NPC’s zijn ook erg gevoelig voor de aanwezigheid van accutase in de media en het is erg belangrijk om de incubatietijd van de accutase kort te houden. We raden een incubatietijd van 2-4 minuten aan, controleer cellen vaak onder de microscoop om te zien wanneer ze zijn losgeraakt. Het is essentieel om de cellen na het splitsen te centrifugeren om de enzymmix uit de media te verwijderen.
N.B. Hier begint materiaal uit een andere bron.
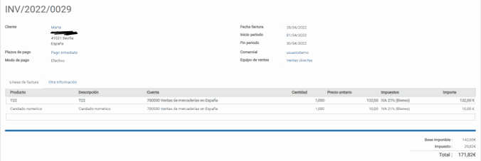 Si tenemos una factura en estado abierta, por ejemplo:
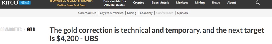 #黄金技术分析#24K99讯 瑞银(UBS)分析师周一(11月3日)表示,当前黄金市场的回调只是暂时的,黄金价格仍然有望达到4200美元/盎司。如果地缘政治或市场风险加剧,黄金价格有可能攀升至4700美元/盎司。
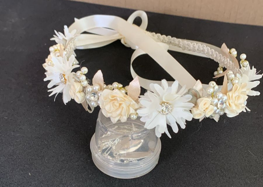 Esta hermosa tiara de flores es perfecta para complementar cualquier atuendo de bautizo o primera comunión. Hecha con delicadas flores, esta tiara es ideal para sujetar tu cabello y darle un toque de elegancia a tu look. ¡Impresiona a todos con esta joya única en tu próxima ocasión especial!
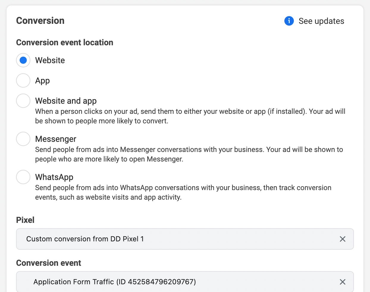 Go to “Create” in your Facebook Ads Manager and select “Conversions” from the next step. Edit the Campaign name and click next again. You will be able to define what is the conversion event. Select “Website” because we are going to track conversions based on website visitors. Within “Website”, you will be able to select the custom conversion you have created.

Het is ook belangrijk om het passagenummer in gedachten te houden, omdat cellijnen kunnen veranderen bij uitgebreide cultivering, wat leidt tot wijziging van expressieprofielen. Het is dus belangrijk om veel celvoorraden in vroege passages te bevriezen. Cellen moeten worden ingevroren in 10% DMSO en 90% NPC-media en op lange termijn worden opgeslagen in vloeibare stikstof. Vanwege het gebrek aan serum in dit medium is het van cruciaal belang om te zorgen voor een langzame bevriezing met behulp van vrieskamers en eenmaal ‘s nachts bevroren, onmiddellijk over te brengen naar vloeibare stikstof. Hoewel er in dit protocol geen klonale selectie wordt uitgevoerd, is het mogelijk dat uitgebreide cultivering en passaging leidt tot natuurlijke selectie van een initiële celpopulatie met gunstige groei en overlevingskans. Daarom is het belangrijk om het passagenummer en de behandeling in gedachten te houden bij het uitvoeren van experimenten. We geven er de voorkeur aan om lagere passages te gebruiken voor experimenten, indien mogelijk overschrijden we de doorlaatlijn van de cellijnen niet meer dan 20 keer. Omdat NPC’s snel groeien, kunnen grote aantallen voorraden worden bevroren bij lagere passages voor experimenten. Cellijnen met bijzonder hoge groeisnelheden lopen een hoger risico op mediaverzuring. Naarmate cellijnen met verschillende snelheid groeien, moet de hoeveelheid media mogelijk worden aangepast op basis van proliferatie. Als de cellen continu in sterk verzuurde media worden achtergelaten, kan dit de gezondheid van zowel controle- als ziektecellijnen beïnvloeden. Dit zorgt ervoor dat zelfs gezonde astrocyten reactief worden, wat het gebruik ervan in verdere differentiatie en experimenten beïnvloedt.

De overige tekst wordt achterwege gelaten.